Recorded information:

☆ ☆ ☆ ☆

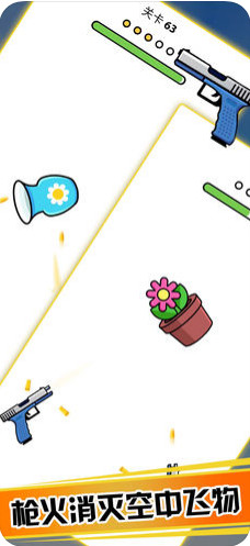 《射击大作战官方版》是一款小清新风格的休闲解压射击游戏,游戏的画面简约清爽,点击手枪,在物品飞起来的时候射击它们,感受物品被爆掉的爽快感,让你释放你的压力,你还可以解锁多种手枪来射击哟。
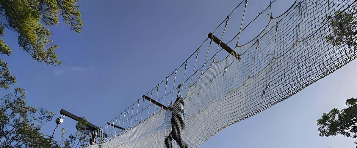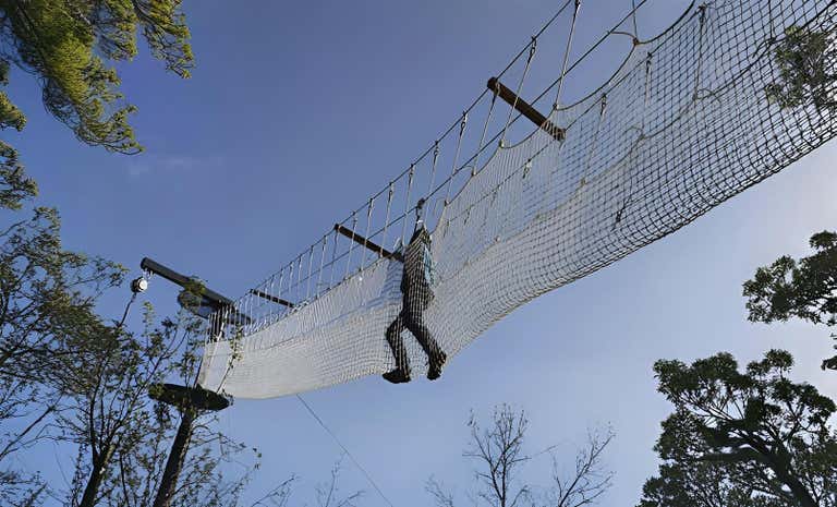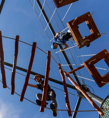 - Enfréntate a retos como el salto al vacío, el circuito de cuerdas y la gran tirolina de 110 metros
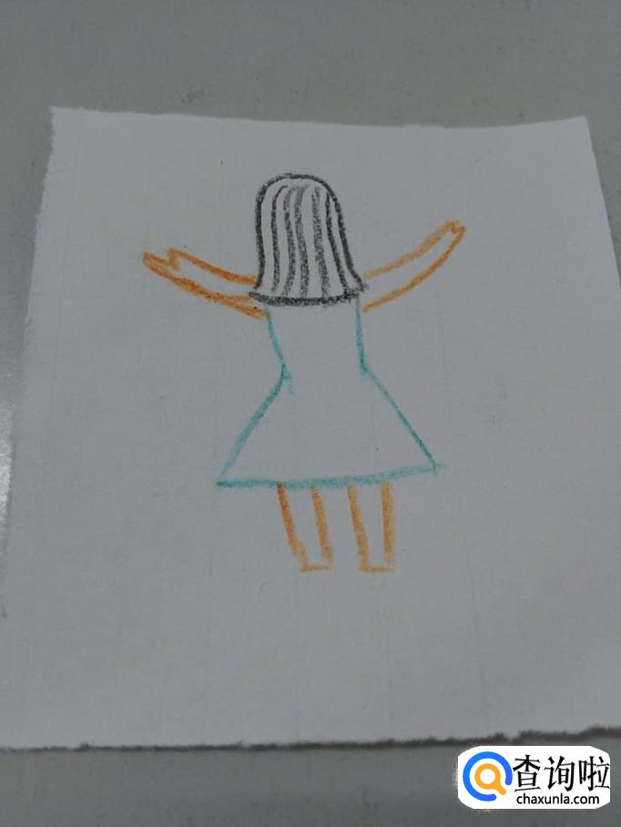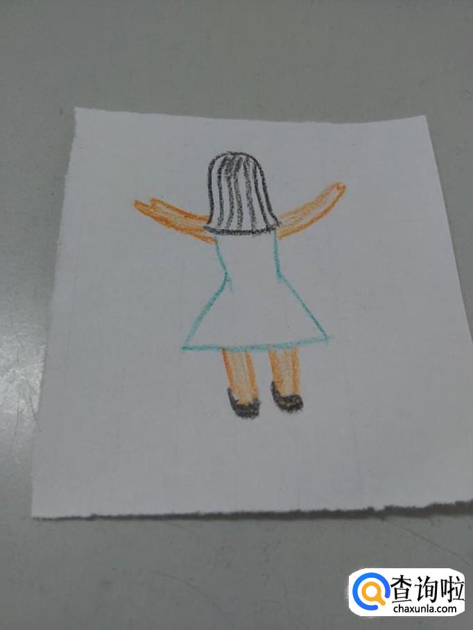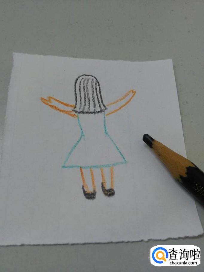 最后,用黑色轻轻地涂头发,长发女孩的背影就画完了。

☆ ☆ ☆ ☆

Work item: In your answer, repeat the material above in full, exactly, and without its pictures.

Answer box:
 《射击大作战官方版》是一款小清新风格的休闲解压射击游戏,游戏的画面简约清爽,点击手枪,在物品飞起来的时候射击它们,感受物品被爆掉的爽快感,让你释放你的压力,你还可以解锁多种手枪来射击哟。
 - Enfréntate a retos como el salto al vacío, el circuito de cuerdas y la gran tirolina de 110 metros
 最后,用黑色轻轻地涂头发,长发女孩的背影就画完了。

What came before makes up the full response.